=== Source material ===
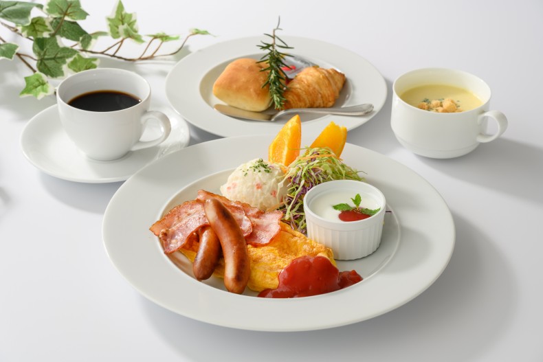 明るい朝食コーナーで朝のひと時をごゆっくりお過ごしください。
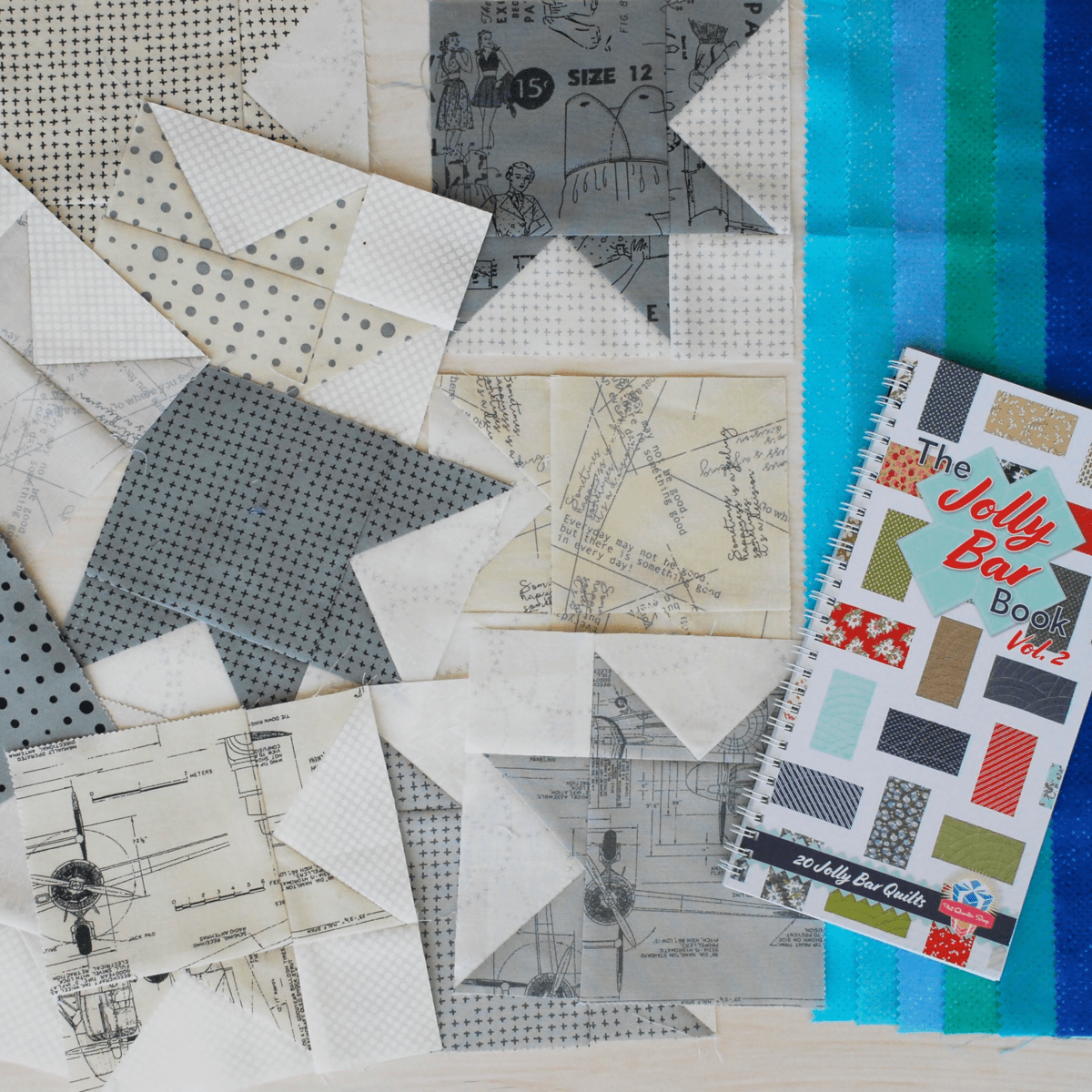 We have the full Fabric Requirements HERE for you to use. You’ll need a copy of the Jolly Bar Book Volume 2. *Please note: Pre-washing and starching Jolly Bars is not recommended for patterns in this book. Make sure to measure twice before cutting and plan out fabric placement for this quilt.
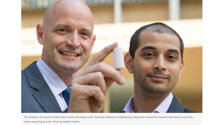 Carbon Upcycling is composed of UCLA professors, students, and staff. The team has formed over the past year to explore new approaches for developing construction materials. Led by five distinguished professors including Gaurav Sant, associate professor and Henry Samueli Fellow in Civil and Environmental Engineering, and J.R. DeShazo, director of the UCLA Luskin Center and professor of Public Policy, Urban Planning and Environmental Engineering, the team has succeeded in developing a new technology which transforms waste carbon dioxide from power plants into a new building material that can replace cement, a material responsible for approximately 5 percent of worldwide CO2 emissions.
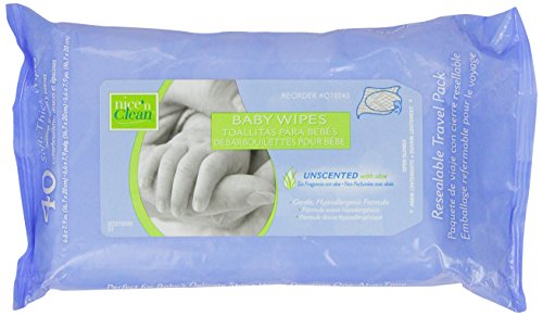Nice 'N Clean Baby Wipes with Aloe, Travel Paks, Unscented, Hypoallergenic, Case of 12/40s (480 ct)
===
§ **Exercise**: Give the data again exactly, image-free.

§ **Your solution**:
 明るい朝食コーナーで朝のひと時をごゆっくりお過ごしください。
 We have the full Fabric Requirements HERE for you to use. You’ll need a copy of the Jolly Bar Book Volume 2. *Please note: Pre-washing and starching Jolly Bars is not recommended for patterns in this book. Make sure to measure twice before cutting and plan out fabric placement for this quilt.
 Carbon Upcycling is composed of UCLA professors, students, and staff. The team has formed over the past year to explore new approaches for developing construction materials. Led by five distinguished professors including Gaurav Sant, associate professor and Henry Samueli Fellow in Civil and Environmental Engineering, and J.R. DeShazo, director of the UCLA Luskin Center and professor of Public Policy, Urban Planning and Environmental Engineering, the team has succeeded in developing a new technology which transforms waste carbon dioxide from power plants into a new building material that can replace cement, a material responsible for approximately 5 percent of worldwide CO2 emissions.
Nice 'N Clean Baby Wipes with Aloe, Travel Paks, Unscented, Hypoallergenic, Case of 12/40s (480 ct)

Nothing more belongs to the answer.